I open the door and go in. The kid
doesn't move. He keeps his eyes trained on the floor. There's something lost
and untamed about him. Like the boy in a French movie I once saw who grew up in
the woods. Except in the movie, they had five years to educate the boy about
civilization, and I've got five minutes for this kid. I gesture for him to come
in and sit down.

"Mr. Ricky Velez," I say,
sitting behind the desk and opening his file. "Says here you're sixteen.
That right?"

Ricky grunts again and nods shyly.
In the cubicle across the hall, "the Screamer," an older female
probation officer whose name I can never pronounce, is yelling, "WHAT AM I
GONNA TELL THE JUDGE!!" at some hapless probationer.

An overhead fan just pushes the
humid air around instead of cooling things off.
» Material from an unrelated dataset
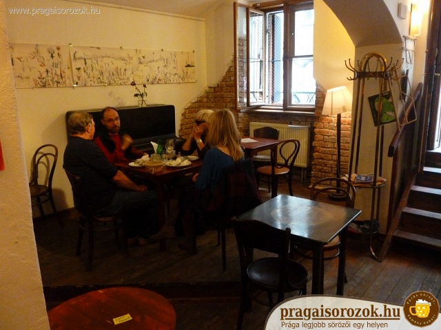 Bemegyünk mi is, hogy körülnézzünk. A falakon festmények, és fotók, a belső teremben zongora, ránézésre a vendégek kilencven százaléka is valamelyik művészeti ág képviselője, vagy egyetemista. A pultos srác egy meghökkentő tarka-barka otthonka-szerűségben mosogat, lap-topról szól a zene, a vendégek bringái bent vannak letámasztva, egy mezítlábas srác az egyik asztalnál békésen a talpát vakargatja. Laza és oldott tehát a hangulat, amelyhez bizonyára a nem hagyományos cigaretták is hozzájárulnak – Prágában egyébként teljesen legálisan.

Ricky squirms around in the chair
but can't get comfortable.

The seat's deliberately too hard,
because no one's supposed to stay here too long. In the past I've tried to make
this cubicle seem more my own, even as I keep telling myself this is my job,
not my life. I've brought in plants, cushions, and books, but the place still
looks cheap and institutional with those insane orange walls and scuffed-up
floors. So now I leave it pretty much the way it was. I don't have my master's
degree from Fordham on the walls. It was required for the job—along with two
weeks of perfunctory in-house training—but my clients don't need to see it.
Instead, I put up two small posters right above my desk: one of Bob Dylan and
the other of a defunct theme park called Freedomland. On the other wall, I have
the Times's "Help Wanted" section—for my clients, of course, not for
me—and a bank calendar that has a color photo of a sandy beach with foamy
waves. It seems like a beautiful place where nothing ever happens. And, of
course, there's a blackboard in the corner.